Санин решительно не знал, как ему унять расходившегося артиста.
* * *Почти на том же самом месте дороги, где часа два тому назад они настигли Эмиля, – он снова выскочил из-за дерева и с радостным криком на губах, помахивая картузом над головою и подпрыгивая, бросился прямо к карете, чуть-чуть не попал под колеса и, не дожидаясь, чтобы лошади остановились, вскарабкался через закрытые дверцы – и так и впился в Санина.
– Вы живы, вы не ранены! – твердил он. – Простите меня, я не послушался вас, я не вернулся во Франкфурт… Я не мог! Яждал вас здесь… Расскажите мне, как это было? Вы… убили его?
Санин с трудом успокоил и усадил Эмиля.
Многоглаголиво, с видимым удовольствием сообщил ему Панталеоне все подробности поединка и, уж конечно, не преминул снова упомянуть о монументе из бронзы, о статуе командора! Он даже встал с своего места и, растопырив ноги, для удержания равновесия, скрестив на груди руки и презрительно скосясь через плечо – воочию представлял командора-Санина! Эмиль слушал с благоговением, изредка прерывая рассказ восклицанием или быстро приподнимаясь и столь же быстро целуя своего героического друга.

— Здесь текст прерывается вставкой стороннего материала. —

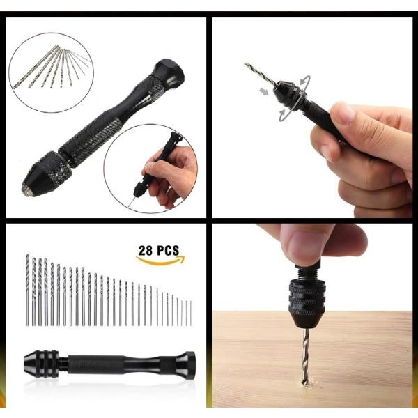 【並行輸入品】ハンドドリル ピンバイス 豪華28本付きセット ツイストドリル 穴あけツール 精密 手芸 木工 DIY工具 _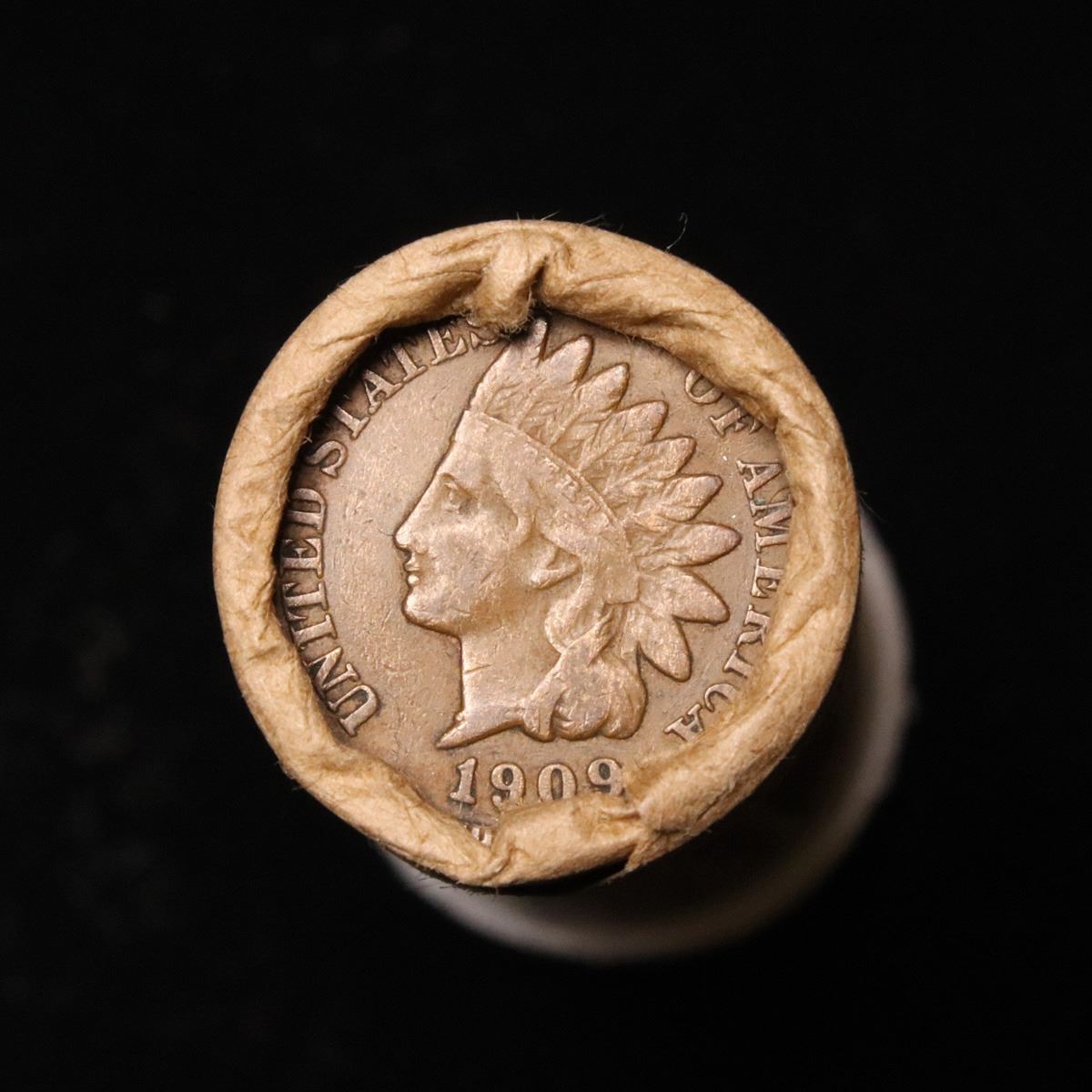 ***Auction Highlight*** Indian 1c Shotgun Roll, 1909 end, KEY date 's' mint other, Wow! . . (fc)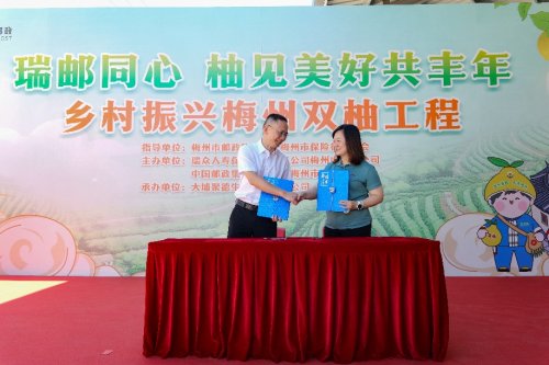近日,瑞众保险与中国邮政签署战略合作协议,以“瑞邮同心 柚见美好共丰年”乡村振兴梅州双柚工程为契机,发挥梅州金柚品质优势、邮政物流网点优势与瑞众险企资源优势,为梅州乡村振兴注入新动能,绘就“产业旺、农户富、乡村美”的乡村振兴新画卷。
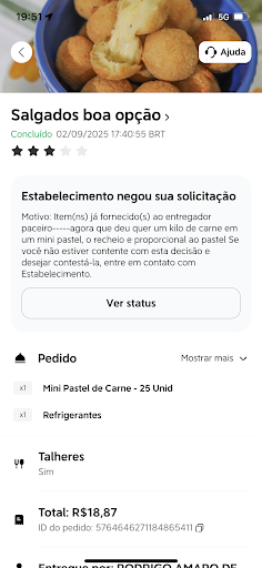 Read moreÉ assim que eles tratam seus clientes! Pedi pela plataforma do 99food mini pastéis e recebi o produto com pouco e alguns completamente sem recheio, após abrir a solicitação me responderam assim. Não pedi 1kg de recheio, mas sim o proporcional, coisa vocês desconhecem o significado. Eu ia deixar pra lá, mas depois que li o que me falaram decidi abrir reclamação em todas as plataformas possíveis do consumidor. Se vocês não conseguem padronizar o que vendem é melhor fechar esse quiosque! Não é pelo valor, que é irrelevante, mas como fui desrespeitada com esse deboche. Trabalhar com alimento é algo importante e delicado, se não levam a sério fechem, muito melhor do que prejudicar pessoas com expectativas quebradas, deboche e desrespeito....

Колеса кареты застучали о мостовую Франкфурта – и остановились наконец перед гостиницей, в которой жил Санин.
В сопровождении своих двух спутников взбирался он по лестнице во второй этаж – как вдруг из темного коридорчика проворными шагами вышла женщина: лицо ее было покрыто вуалью; она остановилась перед Саниным, слегка пошатнулась, вздохнула трепетно, тотчас же побежала вниз на улицу – и скрылась, к великому изумлению кельнера, который объявил, что «эта дама более часа ожидала возвращения господина иностранца». Как ни мгновенно было ее появление, Санин успел узнать в ней Джемму. Он узнал ее глаза под плотным шелком коричневой вуали.
– Разве фрейлейн Джемме было известно… – протянул он недовольным голосом, по-немецки, обратившись к Эмилю и Панталеоне, которые шли за ним по пятам.